This type of variability across different population groups (Table 3) illustrates the need to examine locus variability across populations of interest rather than trying to rely solely on a combined population ranking of genetic markers such as shown in Table 2.
Chromosomal Location of the 29 Autosomal STR Loci: With an increase in the number of autosomal STR loci combined in a multiplex assay comes the potential to have loci that are located in close proximity in the human genome on a specific chromosome—and thus not always inherited independently. Without independent genotype assortment, the simple product rule does not accurately estimate genotype and profile frequencies. Perhaps in an ideal world we would only use loci located on separate chromosomes so that we could have full confidence in independent genotypes from autosomal loci. However, with the prior work on specific STR loci and the availability of primer sets in commercial kits, we sometimes have to work in a less than ideal world. As seen in Tables 1 and 4, there are seven pairs among the 29 autosomal STRs that are located on the same arm of a chromosome (i.e., syntenic loci)

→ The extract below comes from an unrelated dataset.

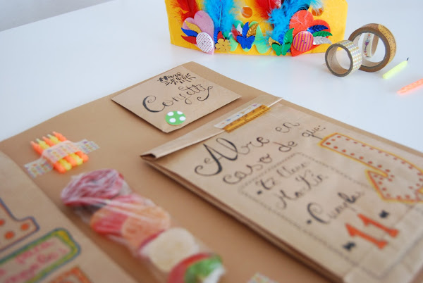 Y así surgió nuestro kit de cumpleaños (lo qué nos gusta un kit lo podéis ver aquí, aquí o aquí...). Entre ideas mías, de mis hijas, una tarde coloreando y poniendo en práctica el "deja que se equivoquen, deja que te sorprendan" (que ya es de los post más leídos!!). Y de paso llevando a cabo también nuestro objetivo de este año "make someone happy".
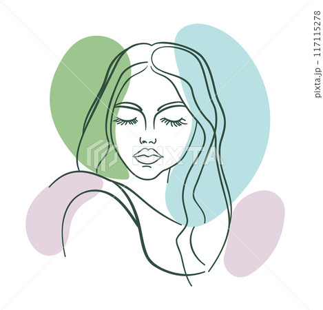 Beautiful Girl in Thin Thick Line Art For Beauty Cosmetic Healthcare with Green Blue Watercolor

Table 4. Syntenic STR loci (i.e., those markers found on the same arm of various chromosomes) ranked by their physical distance. The physical distance in megabases (Mb) and recombination fraction are from reference 45. As noted by Phillips, the recombination activity between two genetic markers is more important than the physical distance in terms of ensuring independent genotype assortments in multiplex DNA profiles.
Loci that originally were characterized and developed for separate kits have now been combined as core locus expansion has occurred. The first of these locus “conflicts” was the adoption of D12S391 during the 2009 ESS expansion. D12S391 is located just over 6 million nucleotides away from vWA on the short arm of human chromosome 12 (Table 4). The classical assumption is that markers should be at least 50 megabases (Mb) apart to ensure recombination between the loci (i.e., effective shuffling of the genome deck of cards with each generation). However, recombination rates are not fixed across the human genome, and recombination hotspots have been discovered
. Several studies have shown that the D12S391-vWA loci are in linkage disequilibrium and genotype frequencies can be multiplied because there is no strong association between the loci when examining unrelated individuals
. However, when examining closely related individuals it can be safer to work with linked D12S391-vWA haplotype frequencies rather than multiplying the individual genotype frequencies
Table 4 provides more detail regarding the seven pairs of syntenic STR loci. Some of these syntenic loci have been used extensively without any known adverse effects, such as D5S818 and CSF1PO, which are 26Mb apart on the long arm of chromosome 5. Both D5S818 and CSF1PO are required for the current CODIS 13 core. Likewise, D21S11 and Penta D, which are separated by 24Mb on the long arm of chromosome 21, are part of the PowerPlex® 16 System. TPOX and D2S441, which are on the short arm of chromosome 2, are part of the expanded U.S. loci but separated by more than 50Mb (Table 4). FESFPS and Penta E are both part of the PowerPlex® CS7 System, and FESFPS-Penta E haplotypes have been studied to aid kinship analysis
. Currently, there are no STR kits that utilize SE33 and D6S1043 or F13B and D1S1656 in the same multiplex assay.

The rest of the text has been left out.